Le conte travestit donc à peine la scène traumatique. Mais l’expression proche de la transparence qu’il permet a son revers : elle laisse affleurer le drame, elle ne dit rien de ses conséquences les plus graves sur l’existence de la victime. Prince de la Lune est une sublimation « purement » imaginaire de l’oiseau magique dont le chant n’a jamais été entendu et ne pourra jamais l’être ; il est l’occasion d’une fuite dans l’imaginaire qui, non seulement, propose une solution leurrée, mais, plus radicalement, fait obstacle à la compréhension. L’auteur du traumatisme disparaît, comme par magie, de la scène ; c’est également par un tour de passe-passe que le père, dont le conte dit pourtant ce qui était sans doute un défaut fondamental chez lui, son ressentiment de la féminité – « Il semblait avoir horreur de la beauté, de la bonté, du bonheur, du rire » - disparaît et que la mère est finalement transformée en « Mère Avenante ». Une forme littéraire, un genre conventionnel, en ouvrant la voie à un déplacement, permet de capter ce qu’il y a de factuel dans l’expérience traumatique. Mais cela ne suffit pas. En s’engageant dans l’écriture de Poupée de sang, Elsa Berg a trouvé le chemin d’une véritable descente aux enfers qui lui a permis de voir la tête de Gorgone. Elle l’a pu d’abord parce qu’elle a suivi la voie de métaphores originales dont elle puisait la ressource dans les mots d’une langue qu’il lui fallait inventer au fur et à mesure qu’elle progressait ; ensuite, cette invention lui a été possible parce qu’à tout moment de son texte ce qui était à dire, infigurable sous forme de représentations imaginaires toutes faites, soutenait de son exigence ce qui se disait et sur quoi il rebondissait.

 

 

© André Sauge

www.contrepointphilosophique.ch

Rubrique Esthétique

Décembre 2004

 

 



[1]    En revanche, une institution littéraire raffinée ne répugne pas à l’infect. Il lui faut se confirmer que ses jugements de goût ne se ramènent ni à des jugements de « bon goût », ni surtout, à des jugements moraux. L’accueil que l’on a réservé, dans certains salons journalistique, à l’Inceste de Christine Angot, récit ( ?) que l’on ne saurait qualifier de « pur dégueulis » - transformation de l’acte de parler en dégueulis -  sans l’anoblir, est simple parade. On n’est pas un esprit libre ; on fait ostentation de l’être.

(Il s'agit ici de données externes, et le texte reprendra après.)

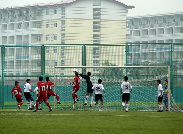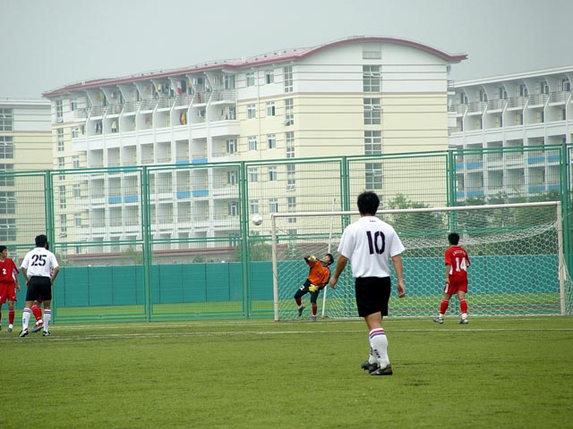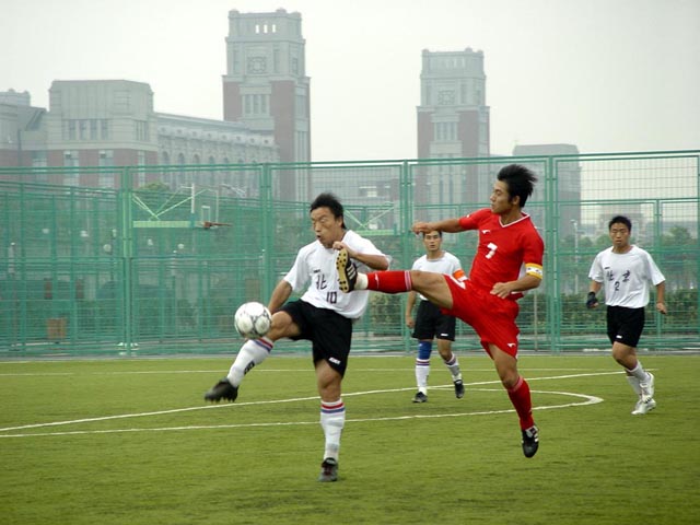 經過六天的激烈比賽依然充滿信心的我校足球隊今天在半決賽迎戰河北大學生足球隊。
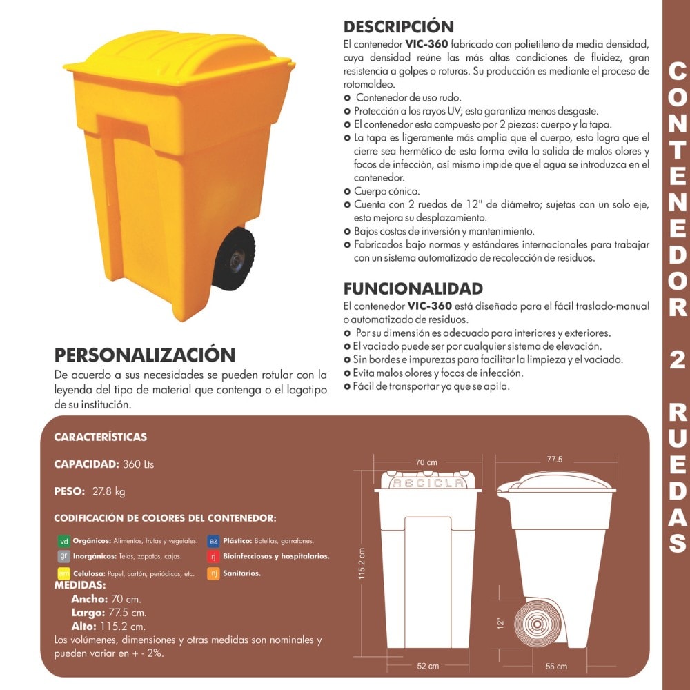 El contenedor VIC-360 está especialmente diseñado para el depósito de residuos, siendo adecuado tanto para uso en interiores como exteriores debido a sus dimensiones versátiles. Su construcción permite un transporte sencillo y cómodo.

[2]    Cette coloration fondamentale de son existence a poursuivi Elsa Berg jusque dans son ultime tentative de trouver un refuge littéraire, jusque dans le nom dont elle a signé ses derniers textes puisque ce dernier peut se traduire : « Montagne Sale ».  Elle ne pouvait avoir de nom propre. N’oublions pas qu’une poupée est aussi un pansement dont on recouvre une blessure du doigt.

[3]    Jean Moulin a attiré mon attention sur un détail du conte : dans le récit, la mère de la petite fille fait preuve, une fois, à son égard, de tant de tendresse que sa fille est tentée de lui dire : « Maman ! ». L’inceste détruit les liens affectifs en portant atteinte aux liens de parenté (l’amour ne peut plus se spécifier comme amour de la mère, du père, du frère, de l’amie, de l’ami, plus tard d’un mari, des enfants) ; il exclut la victime des échanges humains chaleureux. Essayons d’imaginer ce que c’est que d’exister dans de telles conditions.